Senate rejects dueling GOP, Democratic bills to end partial government shutdown

By Gregg Re

The Senate on Thursday rejected both the Democratic and GOP proposals to end the ongoing partial federal government shutdown, with both measures falling far short of the 60-vote threshold needed to pass.

Although each of the dueling measures was expected to fail even before Thursday, it was hoped twin defeats might spur the two sides into a more serious effort to strike a compromise. Almost every proposal needs 60 votes to advance in the Senate, which is under 53-47 Republican control.

The final vote on the GOP bill was 50-47. West Virginia Democrat Joe Manchin was the lone Democrat to cross over and support the GOP package, which would have provided $5.7 billion for President Trump’s proposed border wall while also offering several immigration-related concessions and tightening asylum rules. GOP Sens. Tom Cotton and Mike Lee voted against the Republican measure.

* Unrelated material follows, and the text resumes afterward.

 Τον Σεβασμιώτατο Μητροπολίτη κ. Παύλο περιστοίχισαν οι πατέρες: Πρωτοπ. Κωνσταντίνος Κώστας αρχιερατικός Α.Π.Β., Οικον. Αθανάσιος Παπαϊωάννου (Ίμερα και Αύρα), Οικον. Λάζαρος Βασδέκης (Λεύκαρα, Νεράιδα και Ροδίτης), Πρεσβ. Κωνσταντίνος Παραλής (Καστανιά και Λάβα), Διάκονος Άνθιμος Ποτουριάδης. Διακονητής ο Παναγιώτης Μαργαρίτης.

“If this had been a vote to begin debate on a deal to end the shutdown, I would have happily voted yes,” Lee told Fox News. “But this was a vote to end debate on a bill that I believe is fundamentally flawed. In fact, after specifically asking for assurances that we would be allowed to offer amendments, no assurances were given. This bill as is simply does not do enough to reform our immigration system or address the crisis at our southern border.”

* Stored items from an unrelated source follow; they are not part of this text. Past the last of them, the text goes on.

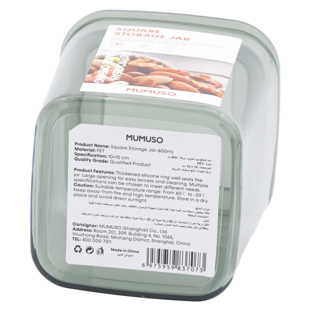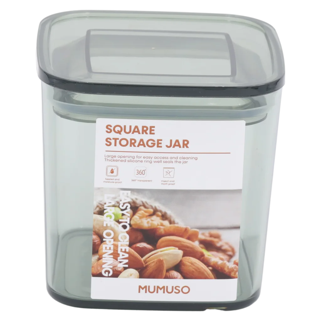- Quadratisches Vorratsglas aus Kunststoff, 600 ml (Grau)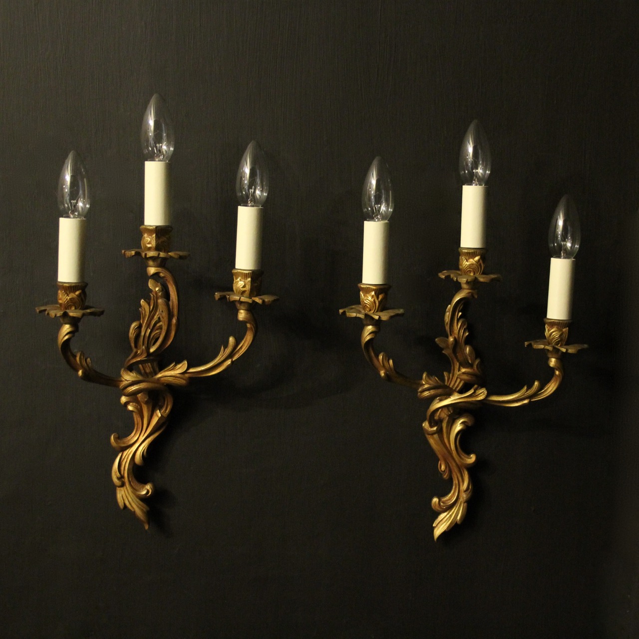 French Pair of Gilded Triple Arm Wall Lights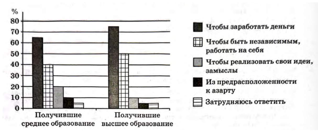 В ходе социологического опроса совершеннолетних граждан страны Z, имеющих разные уровни образования, им задавали вопрос: «Как Вы думаете, почему люди занимаются предпринимательством?» (Можно было выбрать не более двух ответов.) Результаты опросов (в % от числа отвечавших) приведены на диаграмме.

The Democrats’ plan would have reopened agency doors through Feb. 8 while bargainers seek a budget accord, but included no wall funding. The vote was 52-44 on the Democratic bill, with all Democrats voting yes and several Republicans crossing over, including Utah Sen. Mitt Romney, Maine Sen. Susan Collins, Alaska Sen. Lisa Murkowski, Colorado Sen. Cory Gardner, Georgia Sen. Johnny Isakson, and Tennessee Sen. Lamar Alexander. Not voting on the bill were Sens. Richard Burr, Rand Paul, James Risch, and Jacky Rosen.

Both the GOP and Democratic measures would have reopened federal agencies and pay 800,000 federal workers who are about to miss yet another paycheck amid the shutdown, now in its 34th day.

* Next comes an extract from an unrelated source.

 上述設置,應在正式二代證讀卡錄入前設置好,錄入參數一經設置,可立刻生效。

In the wake of the failed votes, a bipartisan colloquy was underway on the Senate floor between senators trying to forge a bipartisan solution to reopen the government.

Several House Democratic representatives, including Reps. John Lewis, Bobby Scott, Gregory Meeks, and Jamie Raskin, were gathered in the back of the Senate chamber during the vote, apparently to protest the Senate’s failure to consider several bills to end the shutdown that passed the Democratic-controlled House.

Alaska Republican Sen. Lisa Murkowski, a moderate, told Fox News before the votes that she would support both of the proposals, and that Congress has an obligation to work on further negotiations through the weekend.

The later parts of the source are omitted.